··· Provided information

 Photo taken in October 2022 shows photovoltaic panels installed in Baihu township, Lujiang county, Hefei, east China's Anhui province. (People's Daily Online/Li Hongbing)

······
··· Provided information

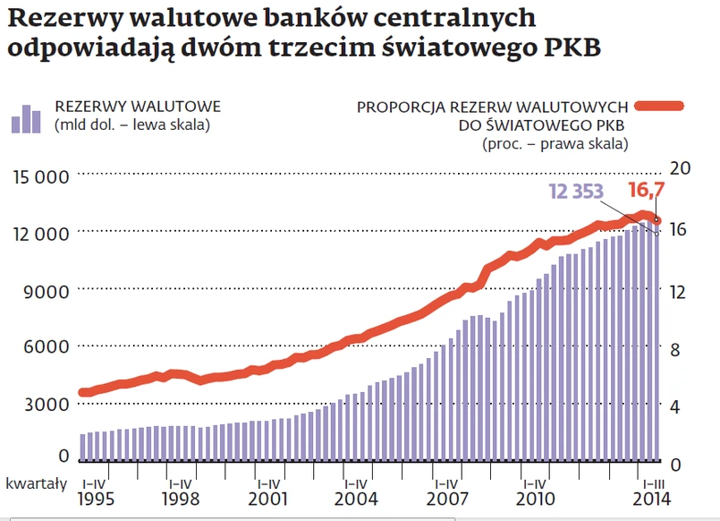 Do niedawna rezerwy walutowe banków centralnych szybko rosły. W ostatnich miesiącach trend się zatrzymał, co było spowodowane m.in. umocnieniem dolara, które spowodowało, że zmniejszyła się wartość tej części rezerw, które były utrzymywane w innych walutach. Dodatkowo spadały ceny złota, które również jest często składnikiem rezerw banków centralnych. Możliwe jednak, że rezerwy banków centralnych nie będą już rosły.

······
··· Provided information

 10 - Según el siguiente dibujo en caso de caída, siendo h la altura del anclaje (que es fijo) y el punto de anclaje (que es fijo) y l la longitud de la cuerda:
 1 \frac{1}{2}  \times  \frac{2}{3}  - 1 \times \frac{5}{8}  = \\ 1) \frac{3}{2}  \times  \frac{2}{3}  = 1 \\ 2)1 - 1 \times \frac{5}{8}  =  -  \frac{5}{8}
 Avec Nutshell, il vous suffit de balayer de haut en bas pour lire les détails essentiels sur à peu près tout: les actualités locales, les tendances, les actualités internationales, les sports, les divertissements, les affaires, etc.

······

### What is needed
Send back an exact copy of only the lines from the line with "2)1 - 1 \times" up to and including the line with "Avec Nutshell, il" in the data above.

### Solution
 1 \frac{1}{2}  \times  \frac{2}{3}  - 1 \times \frac{5}{8}  = \\ 1) \frac{3}{2}  \times  \frac{2}{3}  = 1 \\ 2)1 - 1 \times \frac{5}{8}  =  -  \frac{5}{8}
 Avec Nutshell, il vous suffit de balayer de haut en bas pour lire les détails essentiels sur à peu près tout: les actualités locales, les tendances, les actualités internationales, les sports, les divertissements, les affaires, etc.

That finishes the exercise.